STUDY MATERIAL Start Marker

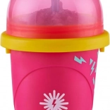 - Różowy z żółtym wieczkiem i niebieską słomką
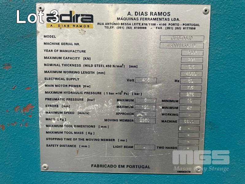 ADIRA GUILLOTINE, MOD: GHS-0640, SERIAL: 4599/11564D, DOM: 2004, 6.5mm x 4080mm CAP, FOOT CONTROL, POWERED BACK GAUGE, WITH KEYS, 415V 3 PHASE (DISCONNECTED) NOTE: MACHINE WEIGHT: 8.8 TONNE
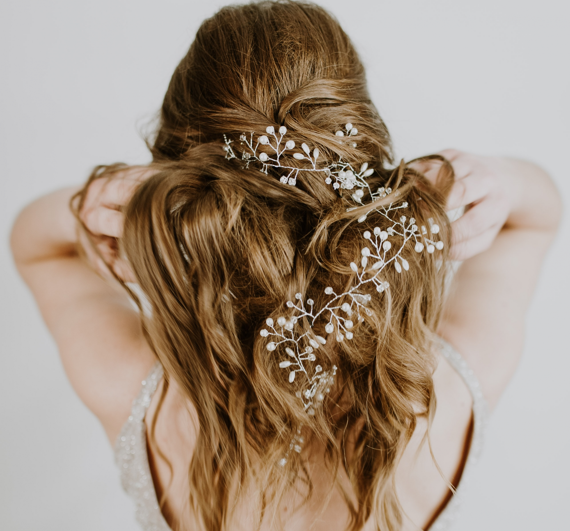 - Локоны разложите вокруг пучка и закрепите шпильками.
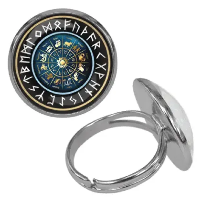 Безразмерное кольцо с изображением астрологической мандалы. Изготовлено из бижутерного сплава со стеклянными вставками.
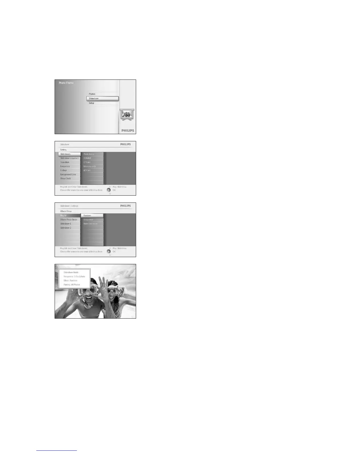 Slideshow menu shows the settings available for slideshows.
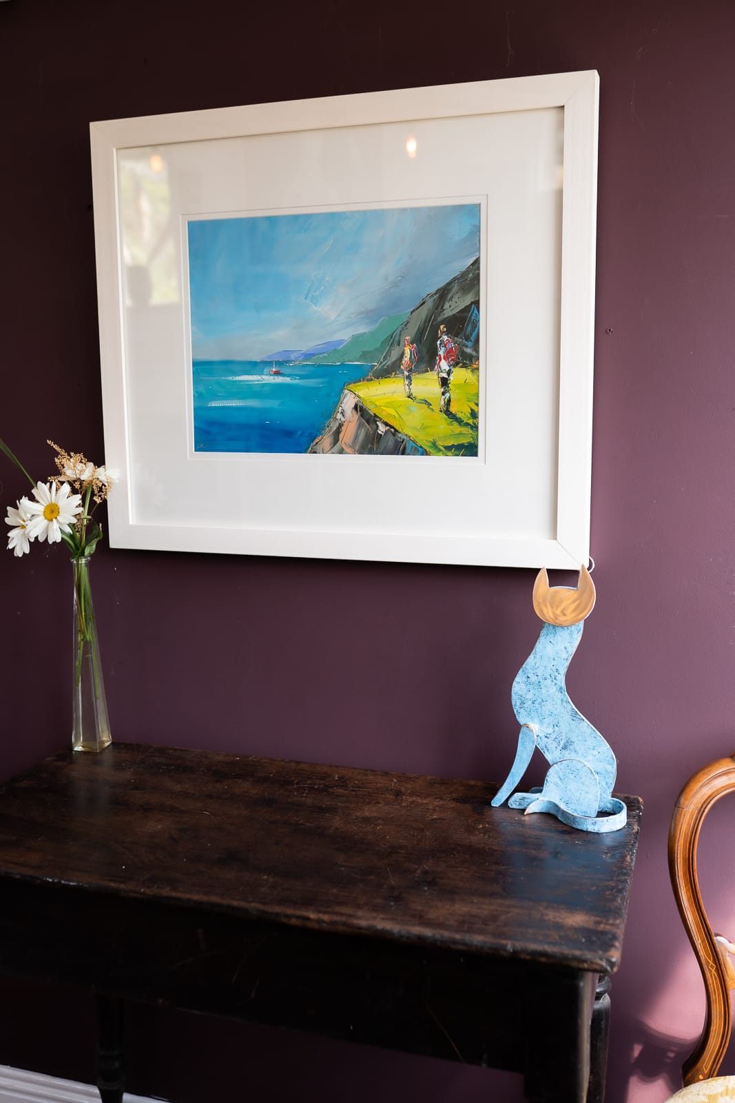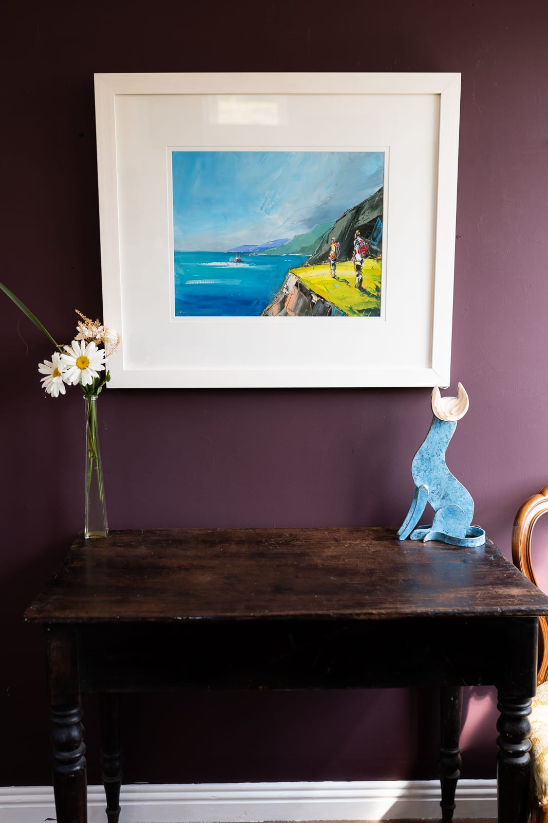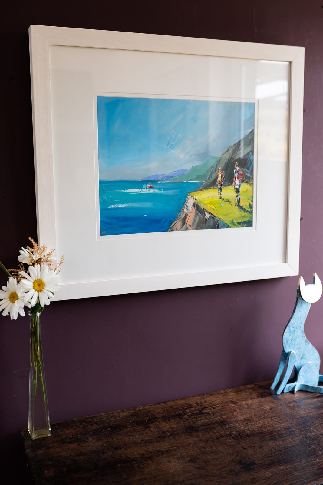 ‘Faraway Fishing’ is a perfect example of how David Coyne can bring summer into your heart at a moments notice. The warmth of the greens used in the foreground, the deep blue of the sea reflecting the warm blue skies and the calm waters allowing the onlookers to watch the trawler in the distance.

STUDY MATERIAL End Marker

- [PROBLEM]
Nothing but the lines from the start of the records through the line holding "Slideshow menu shows" should be printed, exactly as written and with the pictures left out.

- [TASK RESULT]
 - Różowy z żółtym wieczkiem i niebieską słomką
 ADIRA GUILLOTINE, MOD: GHS-0640, SERIAL: 4599/11564D, DOM: 2004, 6.5mm x 4080mm CAP, FOOT CONTROL, POWERED BACK GAUGE, WITH KEYS, 415V 3 PHASE (DISCONNECTED) NOTE: MACHINE WEIGHT: 8.8 TONNE
 - Локоны разложите вокруг пучка и закрепите шпильками.
 Безразмерное кольцо с изображением астрологической мандалы. Изготовлено из бижутерного сплава со стеклянными вставками.
 Slideshow menu shows the settings available for slideshows.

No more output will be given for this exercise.